At Kamsa’s behest, Putana walks into Gokula assuming the form of a beautiful woman. The people are attracted by her charms, and allow her to fondle Krishna. She quickly offers her poisoned breast milk to Him not knowing that He is the Supreme Being incarnate who is to grant her salvation. Sage Suka describes how the Lord sucks out her very life energy even as she thought she would kill the infant. Her frantic appeal ‘enough enough; release me release me’ rents the air as she wishes to be let off from Krishna’s extraordinary grip that outdid her evil intentions. She assumes her original form and falls dead while her terrible cries rock the earth and the mountains and reverberate across the heavens and the nether regions.

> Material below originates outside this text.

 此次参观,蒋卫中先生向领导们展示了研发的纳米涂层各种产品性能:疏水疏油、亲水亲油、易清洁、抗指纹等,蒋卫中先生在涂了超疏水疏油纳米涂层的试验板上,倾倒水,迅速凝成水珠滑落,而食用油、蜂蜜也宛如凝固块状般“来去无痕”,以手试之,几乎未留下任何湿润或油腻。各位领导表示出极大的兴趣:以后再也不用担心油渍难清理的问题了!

In her case, these words, uttered minutes before the Lord chooses to release her from Samsara, are not an appeal for Moksha, though her words reflect the spirit and essence of one seeking release from Samsara, pointed out Sri B. Sundarkumar in a discourse. She was ultimately liberated because she had fed Krishna though it is with murderous intent, says the Bhagavata Purana. When her huge body was consigned to flames, there arose fragrant fumes to indicate that she had been purified because of her contact with the Lord.

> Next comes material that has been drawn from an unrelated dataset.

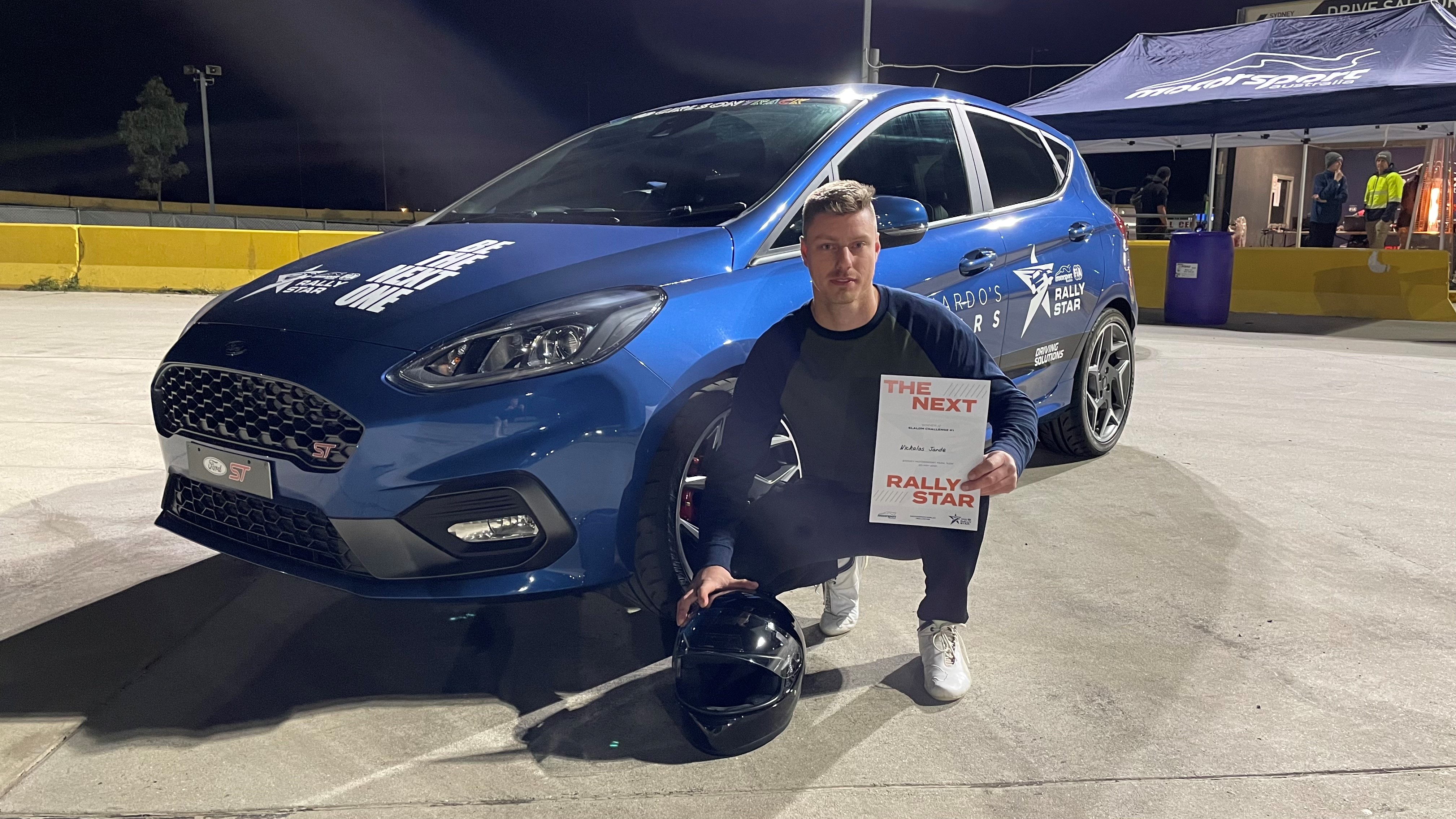In a thrilling Slalom event, Jande beat 10 other rally hopefuls in an elimination style format where each driver completed multiple runs of a course layout.

The path to Moksha is accessible only to those who have renounced the mixed fare of joy and sorrow that is the birthright of every Jivatma. The cause of repeated births is desire. If the aim is moksha, one gradually learns to renounce the aspiration to accumulate the better and attractive options in material existence that claim one’s attention.

The bent of mind that accepts whatever is got as God’s gift and the resolute desire to seek His grace are necessary. The moment of realisation that there is not anything to be achieved in worldly gains shapes the attitude of the spiritual aspirant towards salvation.